ALTER CHARACTER SET Command
DDL syntax has been introduced to enable the default collation for a character set to be set at database level. For details, please see ALTER CHARACTER SET Command in the DDL chapter.
Connection Strings & Character Sets
Capability has been implemented in the API database connection (DPB) area to interoperate with the character set and/or code page of server and client, to avoid the previous problems that could occur when file names contained non-ASCII characters.

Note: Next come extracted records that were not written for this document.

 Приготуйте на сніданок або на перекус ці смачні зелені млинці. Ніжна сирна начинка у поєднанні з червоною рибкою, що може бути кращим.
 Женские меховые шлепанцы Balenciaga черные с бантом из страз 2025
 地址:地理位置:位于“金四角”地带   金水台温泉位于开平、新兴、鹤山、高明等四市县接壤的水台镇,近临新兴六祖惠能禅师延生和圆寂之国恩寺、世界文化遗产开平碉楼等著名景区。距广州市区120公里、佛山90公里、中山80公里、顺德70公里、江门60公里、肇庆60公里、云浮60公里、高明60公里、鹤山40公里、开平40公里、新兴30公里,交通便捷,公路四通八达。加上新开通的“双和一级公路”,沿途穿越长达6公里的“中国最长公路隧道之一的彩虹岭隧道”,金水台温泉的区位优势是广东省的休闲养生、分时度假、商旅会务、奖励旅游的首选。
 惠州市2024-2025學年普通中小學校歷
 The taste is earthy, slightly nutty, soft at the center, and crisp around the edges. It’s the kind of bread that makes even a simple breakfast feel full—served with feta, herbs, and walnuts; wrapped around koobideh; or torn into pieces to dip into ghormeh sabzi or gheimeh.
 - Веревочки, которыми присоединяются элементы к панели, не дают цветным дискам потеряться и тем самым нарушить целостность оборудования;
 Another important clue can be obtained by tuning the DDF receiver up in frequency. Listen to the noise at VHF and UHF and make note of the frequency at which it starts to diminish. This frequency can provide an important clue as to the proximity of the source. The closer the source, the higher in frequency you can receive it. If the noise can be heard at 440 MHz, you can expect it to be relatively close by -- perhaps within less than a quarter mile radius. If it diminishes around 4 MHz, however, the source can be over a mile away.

Refer to the topic Connection Strings & Character Sets in the chapter Changes to the Firebird API and ODS. Even if you are not normally interested in the API, this topic will be a worthwhile read if you have been bothered with such issues.
Other Improvements
Introducer Syntax Usage
The usage of introducer syntax, i.e., prefixing an underscore to a character set name, to force the succeeding text literal to transliterated to that character set, has caused some problems in situations where a single SQL statement entails usage of more than one character set. The actual problems differ from version to version, showing up as transliteration errors, malformed string errors or just as some kind of unexpected behaviour.
Problems could occur in two different usage scenarios.-
One query is employing the introducer syntax when another query perfoms a select from MON$STATEMENTS
Introducer syntax was used in a PSQL module
To enable a workaround for such problems, it is now possible to transform the literal string into the hex representation of the ASCII characters being submitted by the introducer. For example:
select _dos850 '123áé456' from rdb$database
may be transformed to
select _dos850 X'313233A082343536' from rdb$database
Malformed UNICODE_FSS Characters Disallowed
Tracker reference CORE-1600.
Malformed characters are no longer allowed in data for UNICODE_FSS columns.

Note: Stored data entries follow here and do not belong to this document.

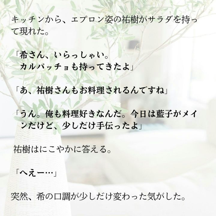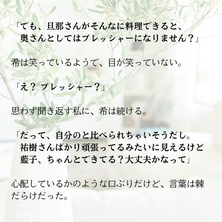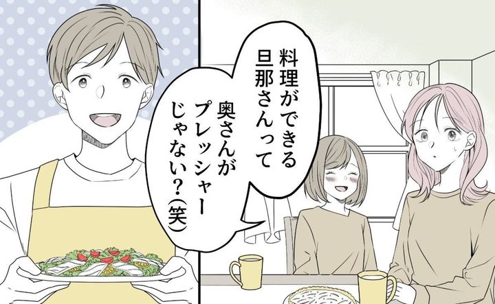 希から謝罪のメッセージが届き、ホッとしていたのも束の間…。希は家に来た途端、今度は「料理ができる夫はプレッシャー」などと言い始めました。「目が笑っていなかった」という希の様子に不気味さを感じます…。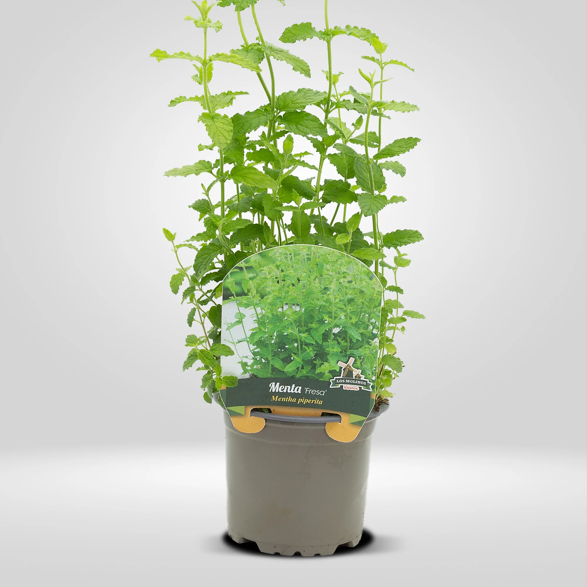 Menta fresa en maceta de 10,5 cm. Planta aromática de aroma afrutado y fresco, ideal para bebidas, postres y terrazas. Envío rápido a toda España.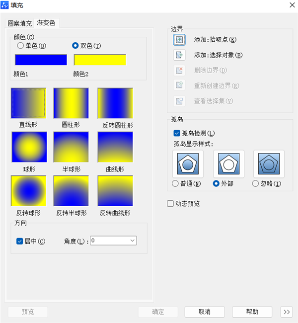 单色的填充可能不足以满足大家对制图的需要,此时可以使用渐变色进行填充让图纸更加精美。我们可以选择单色或者双色渐变,根据自身需要更换渐变的颜色。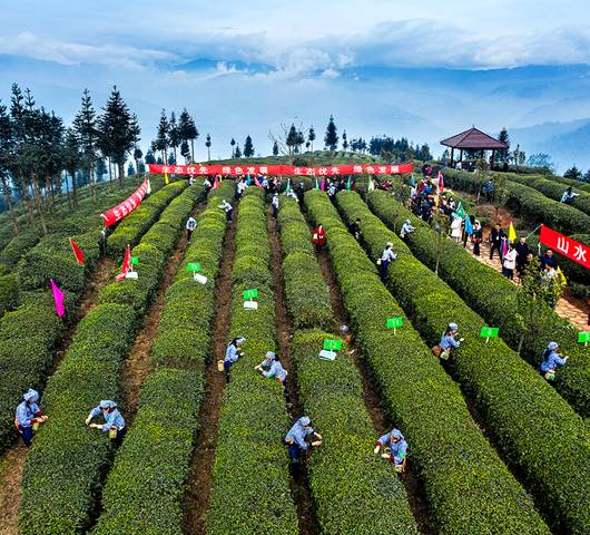 马边劳动镇福来村茶园吸引众多游客前来观光游览。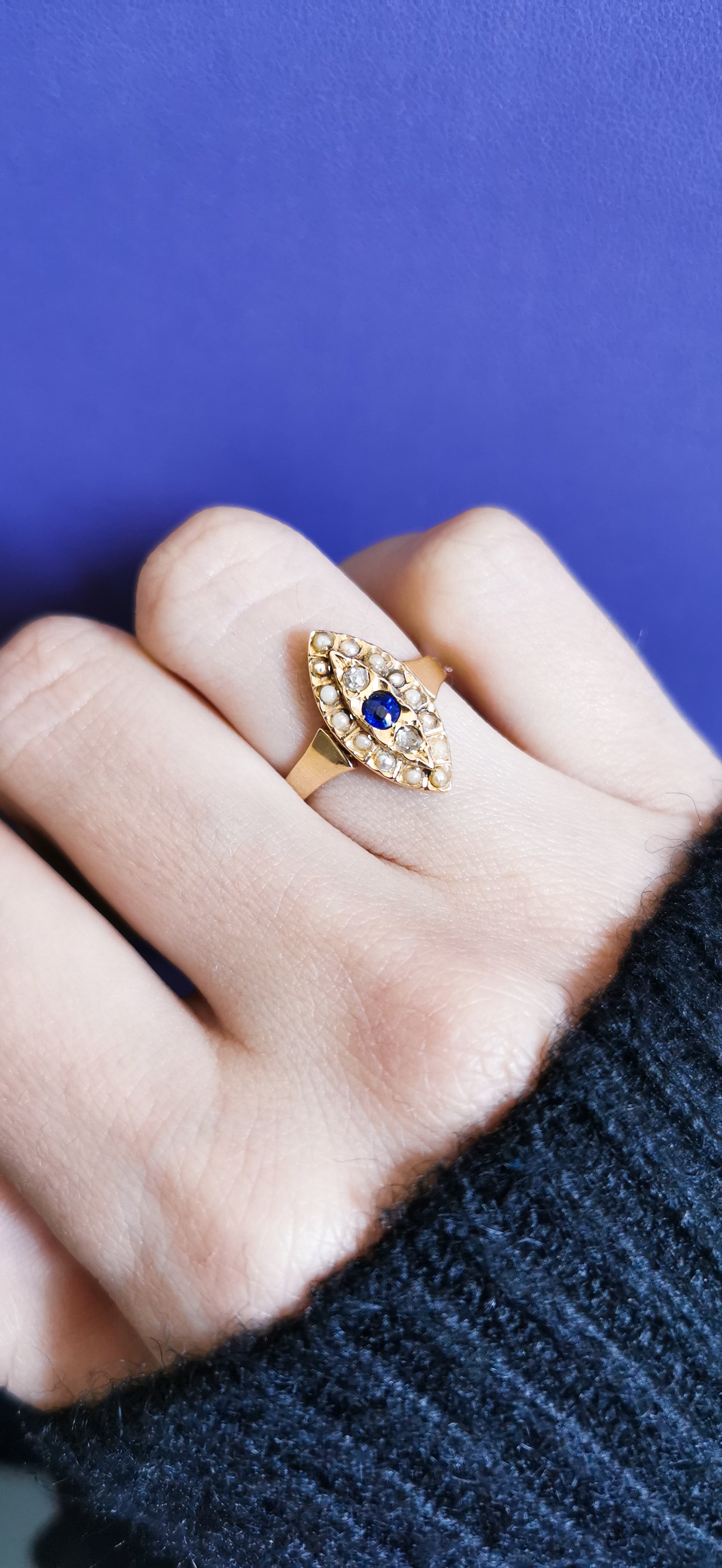 Absolutely unique, this Antique Edwardian ring boasts a band and setting crafted from 18K rose gold, exquisitely inset with 14 natural pearls that have undergone some changes over time. This stunning French ring from the 1880s also showcases two diamonds and a captivating blue doublet stone, reminiscent of a sapphire. The Marquise style of the ring offers a delicate yet timeless elegance, making it an ideal choice for both understated and chic engagement purposes or as a graceful piece for everyday wear.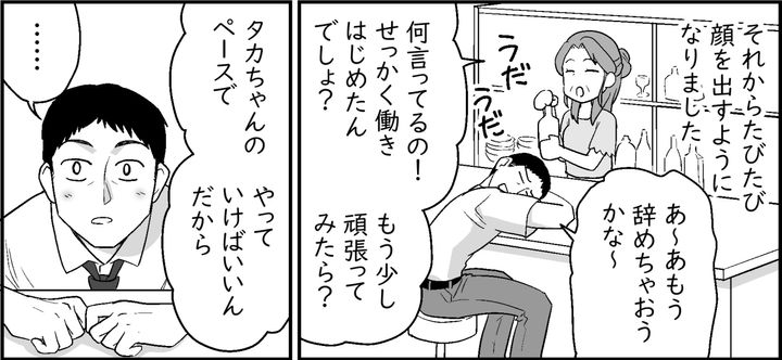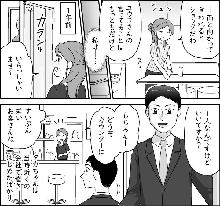 タカちゃんと出会ったのは1年前。いつものように常連さんたちとお酒を飲んだりカラオケをしたりしていると、近くで働きはじめたタカちゃんがフラリと入ってきたのです。やがて常連になったタカちゃんは私に告白してきました。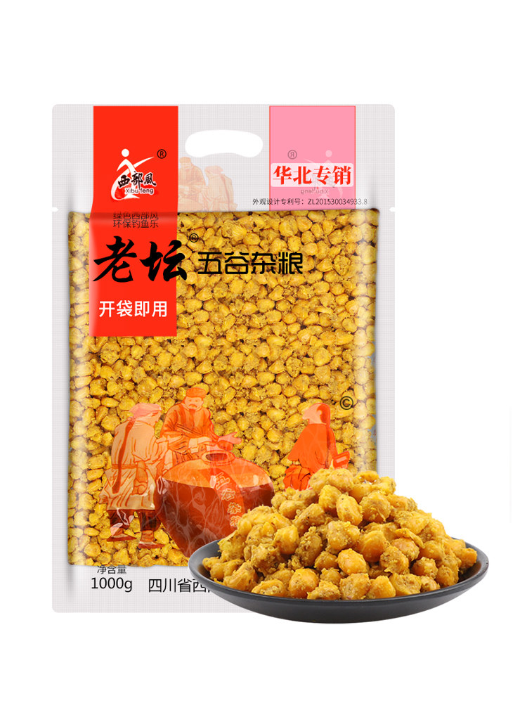 天猫梦达西部老坛五谷杂粮玉米麦粒风适用野钓鲤鱼饵料水库钓鱼打窝料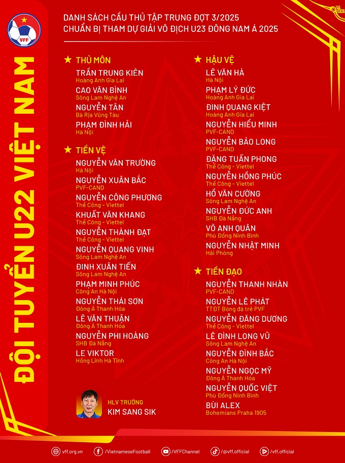 Danh sách tập trung lần này cũng có sự góp mặt của hai cầu thủ Việt kiều đầy triển vọng là tiền vệ Le Viktor (CLB Hồng Lĩnh Hà Tĩnh) và tiền đạo Bùi Alex (đội B của Bohemians Praha 1905, thi đấu tại giải hạng Ba Cộng hòa Séc). Trong khi Le Viktor đang thể hiện tốt tại V.League và đã tham gia các đợt tập trung gần đây, thì Bùi Alex vừa có lần đầu thử sức cùng U22 Việt Nam ở đợt hội quân cuối tháng 5, đầu tháng 6 vừa qua.
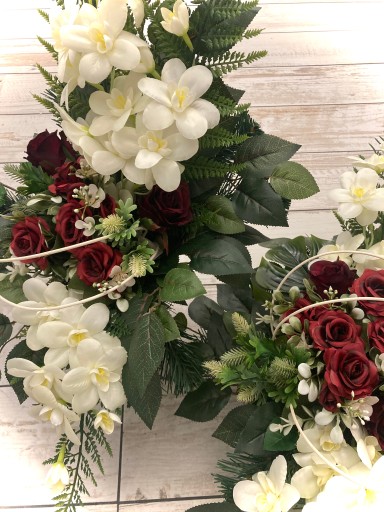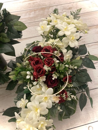 Przedmiotem sprzedaży jest efektowna wiązanka ze sztucznych, dobrej jakości kwiatów, w obciążonej misie w komplecie z wkładem do wazonu idealnie pasującego do głównego stroika.
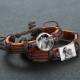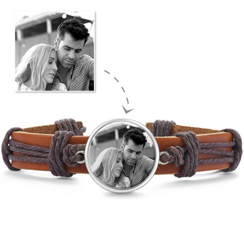 Photocopying Brown Leather Round-shaped Photo Bracelet Silver Plated

Repair Switches for Malformed Strings
New restore switches were added to the gbak utility code for the purpose of repairing malformed UNICODE_FSS data and metadata by restoring a backup of the affected database. Details are in the gbak section of the Utilities chapter.
Numeric Sort Attributes
Tracker reference: CORE-1945)
For UNICODE collations only, a custom attribute NUMERIC-SORT has been enabled for specifying the order by which to sort numerals.
Format & Usage
NUMERIC-SORT={0 | 1}
The default, 0, sorts numerals in alphabetical order. For example:
1 10 100 2 20
1 sorts numerals in numerical order. For example:
1 2 10 20 100
Example
create collation unicode_num for utf8 from unicode 'NUMERIC-SORT=1';
Character Sets and Collations
UNICODE_CI_AI
Tracker reference CORE-824.
UNICODE_CI_AI: case-insensitive, accent-insensitive collation added for UTF8.
WIN_1258
Tracker reference CORE-2185.
Added alias WIN_1258 for WIN1258 character set, for consistency with other WIN* character sets.
SJIS and EUCJ Character Sets
Tracker reference CORE-2103.
Strings in SJIS and EUCJ character sets are now verified for well-formedness.
Character set GB18030
Tracker reference CORE-2636.
GB18030 is a Chinese national standard describing the required language and character support necessary for software in China. It has been activated from ICU.